= Pattern of Urlaur =

The Pattern of Urlaur is an annual festival held on 4 August at Urlaur, Kilmovee, County Mayo since medieval times, to remember the feast day of Saint Dominic.

==The Pattern==
Patterns were a traditional feature of rural Ireland, held to honour patron saints; "Pattern" being a corruption of "patron".

The Pattern of Urlaur is held near the ruins of Urlaur Abbey. The Abbey was founded around 1430 by the Anglo-Norman Nangle family for the Dominicans, and was dedicated to St. Thomas Aquinas. It was built overlooking the banks of Loch Urlaur, but was destroyed in 1654 by Cromwellian soldiers.

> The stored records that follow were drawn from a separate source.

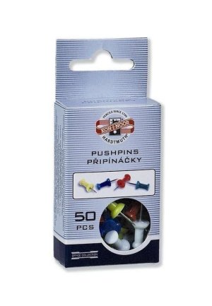 Napináčik s umelohmotným držadlom, výška 23 mm, priemer v najširšom mieste 10 mm, umelohmotný držiak - mix farieb, kovový hrot, 50 ks v papierovej krabičke.
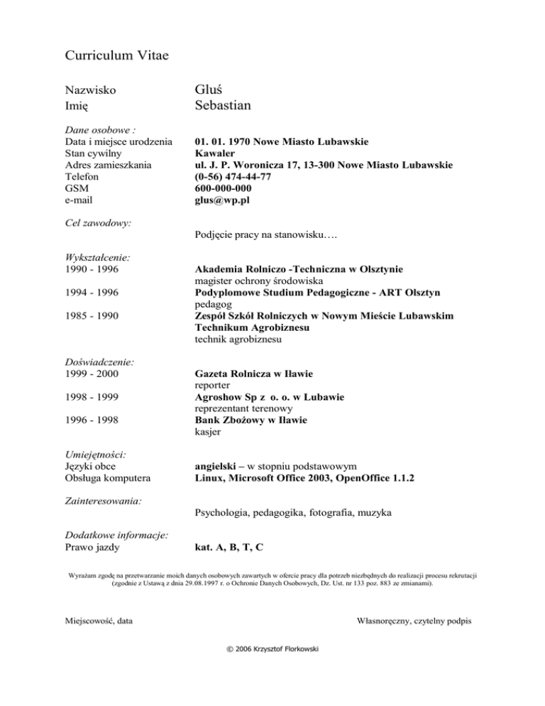 Curriculum Vitae Nazwisko Imię Gluś Sebastian Dane osobowe : Data i miejsce urodzenia Stan cywilny Adres zamieszkania Telefon GSM e-mail 01. 01. 1970 Nowe Miasto Lubawskie Kawaler ul. J. P. Woronicza 17, 13-300 Nowe Miasto Lubawskie (0-56) 474-44-77 600-000-000 [email protected] Cel zawodowy: Podjęcie pracy na stanowisku…. Wykształcenie: 1990 - 1996 1994 - 1996 1985 - 1990 Doświadczenie: 1999 - 2000 1998 - 1999 1996 - 1998 Umiejętności: Języki obce Obsługa komputera Akademia Rolniczo -Techniczna w Olsztynie magister ochrony środowiska Podyplomowe Studium Pedagogiczne - ART Olsztyn pedagog Zespół Szkół Rolniczych w Nowym Mieście Lubawskim Technikum Agrobiznesu technik agrobiznesu Gazeta Rolnicza w Iławie reporter Agroshow Sp z o. o. w Lubawie reprezentant terenowy Bank Zbożowy w Iławie kasjer angielski – w stopniu podstawowym Linux, Microsoft Office 2003, OpenOffice 1.1.2 Zainteresowania: Psychologia, pedagogika, fotografia, muzyka Dodatkowe informacje: Prawo jazdy kat. A, B, T, C Wyrażam zgodę na przetwarzanie moich danych osobowych zawartych w ofercie pracy dla potrzeb niezbędnych do realizacji procesu rekrutacji (zgodnie z Ustawą z dnia 29.08.1997 r. o Ochronie Danych Osobowych, Dz. Ust. nr 133 poz. 883 ze zmianami). Miejscowość, data Własnoręczny, czytelny podpis © 2006 Krzysztof Florkowski
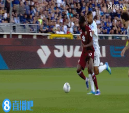第20分鐘,索默后場(chǎng)長(zhǎng)傳,博尼爭(zhēng)下皮球后帶球推進(jìn)到弧頂,右腳低射被門將抱住↓
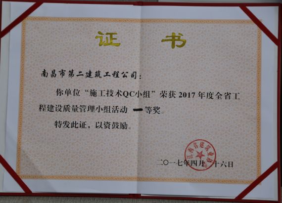 技術(shù)質(zhì)檢部貫徹公司質(zhì)量標(biāo)準(zhǔn)化管理精神,以切實提高工程質(zhì)量為目標(biāo),積極開展全面質(zhì)量管理技術(shù)攻關(guān)活動,所撰寫的《提高GC泡沫水泥保溫板外墻外保溫施工質(zhì)量 》QC課題成果,榮獲“2017年度全省工程建設(shè)優(yōu)秀質(zhì)量管理小組活動一等獎”。
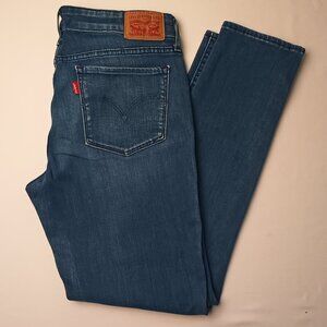 Dark wash, slim leg, ankle length, 11.5" rise.
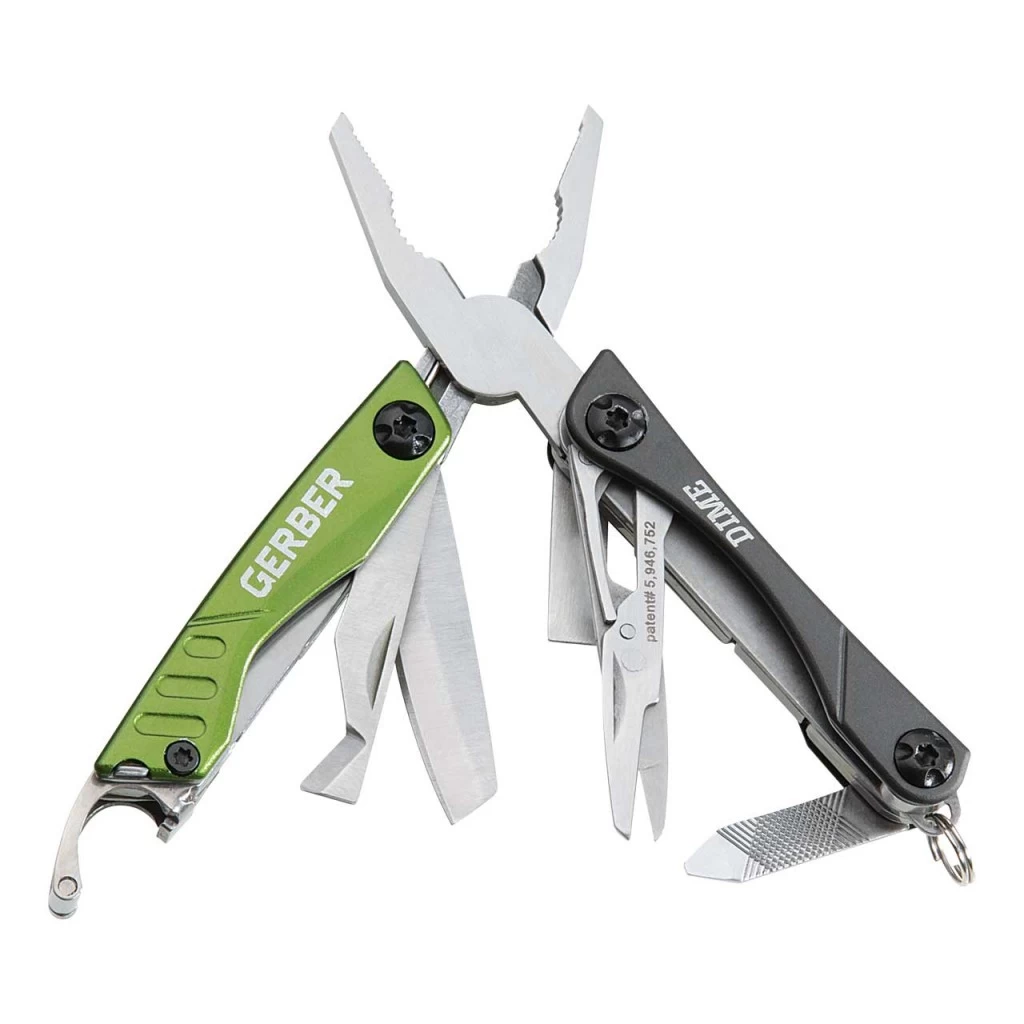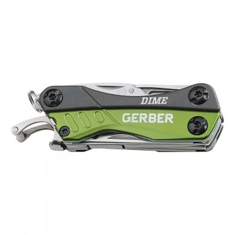 Ganz in schwarz präsentiert sich das DIME BLACK Mini-Tool – ideal für den Taktikbereich. Das kleine, praktische Schlüsselanhänger-Tool von Gerber ist im geschlossenen Zustand gerade einmal 7 cm lang. Neben einer Zange mit Drahtschneider verbirgt das Multitool in seinem Inneren zahlreiche weitere Werkzeuge wie Schere, Messer, Flaschenöffner, Feile, Pinzette und Schraubendreher. Das Tool besitzt einen Schlüsselring zur Befestigung z.B. an der Ausrüstung oder am Schlüsselbund.
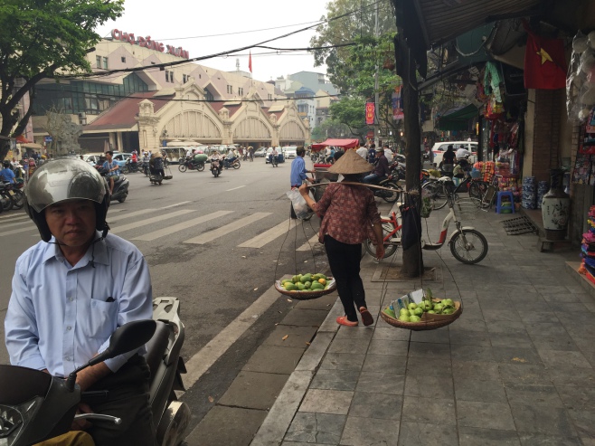 Und so laufen wir siegessicher und abgehärtet, so glauben wir, mit einem Stadtplan bewaffnet durch die Altstadt Hanoi's, bestehend aus schmalen Gässchen, kleinen niedlichen Restaurants und Bars, vorbei an in kolonial Stil erbauten Häusern, deren Balkone geschmückt sind mit bunten Lampions, einigen Tempeln zwischendrin und einem Pulk an Menschen, ein Treiben, das an ein Ameisennest erinnert. Stets fleißig in Bewegung. Frauen mit Strohhüten balancieren gekonnt eine Stange mit jeweils zwei Körben rechts und links gefüllt mit Gemüse auf einer Schulter. Am Straßenrand oder auch gerne mittendrin werden Obststände mit exotischen Früchten angeboten, beträufelt mit Zucker und Chilli und davon nicht zu wenig. Mit hochrotem Gesicht und tränenden Augen schlendern wir, eine dieser Chilli Mango Spezialitäten essend, bei feucht heissen 34 Grad nun am Hoam Khiem Lake vorbei, während die leicht pikante Chillinote uns sämtliche Geschmacksnerven abzutöten scheint. Inmitten von vorwiegend asiatischen Touristen besichtigen wir einige der bekannten Tempel Hanoi's. Beeindruckende Architektur umhüllt von einem betörenden Duft vieler vor sich hinziehender Räucherstäbchen.

Each year on 4 August, the traditional Feast Day of St Dominic, the people of the area gather to celebrate Mass in the "Abbey". The annual 'Pattern Day' starts with a concelebrated Mass in the Abbey, followed by music, sports, novelty events etc.

At the Pattern, traditional food items can be purchased, like dilisk (duileasc), a seaweed.

Douglas Hyde's 1915 collection of Legends of Saints and Sinners contains a tale called "the Friars of Urlaur" that describes the difficulty they had with an evil spirit, disguised as a black boar, that dwelt in the Loch Urlaur.